▶ _DESCRIPTION OF THE TASK_:
Only the lines below between the one holding "поштасына немесе aeno.com/service-and-warranty" and the one holding "主臥空間裡,藉由玻璃打造精品", inclusive, are to be reproduced word for word; the pictures are to be left out.

---------- DATASET EXTRACT ----------

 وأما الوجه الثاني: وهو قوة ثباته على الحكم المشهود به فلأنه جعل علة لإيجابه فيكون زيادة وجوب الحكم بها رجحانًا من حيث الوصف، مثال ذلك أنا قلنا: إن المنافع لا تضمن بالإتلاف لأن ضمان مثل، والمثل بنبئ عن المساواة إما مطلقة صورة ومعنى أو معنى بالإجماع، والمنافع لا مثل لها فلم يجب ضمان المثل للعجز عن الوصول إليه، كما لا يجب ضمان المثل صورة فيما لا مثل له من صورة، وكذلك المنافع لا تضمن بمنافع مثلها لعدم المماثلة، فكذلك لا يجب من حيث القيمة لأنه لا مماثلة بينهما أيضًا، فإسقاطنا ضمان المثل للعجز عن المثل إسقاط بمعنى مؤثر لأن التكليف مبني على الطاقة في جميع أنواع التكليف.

----------
---------- DATASET EXTRACT ----------

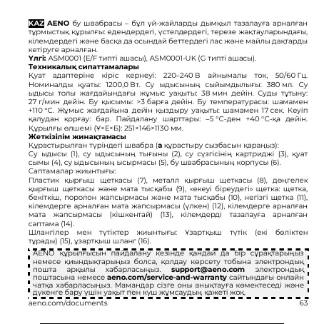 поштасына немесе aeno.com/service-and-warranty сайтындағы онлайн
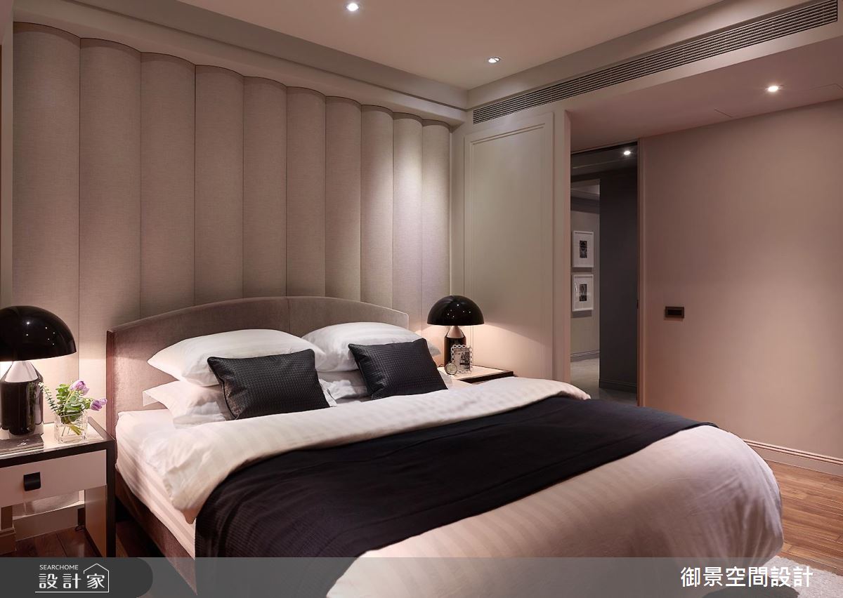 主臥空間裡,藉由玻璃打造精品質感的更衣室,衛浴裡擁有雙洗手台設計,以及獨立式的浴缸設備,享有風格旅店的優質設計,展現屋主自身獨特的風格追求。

----------

▶ _TASK ANSWER_:
 поштасына немесе aeno.com/service-and-warranty сайтындағы онлайн
 主臥空間裡,藉由玻璃打造精品質感的更衣室,衛浴裡擁有雙洗手台設計,以及獨立式的浴缸設備,享有風格旅店的優質設計,展現屋主自身獨特的風格追求。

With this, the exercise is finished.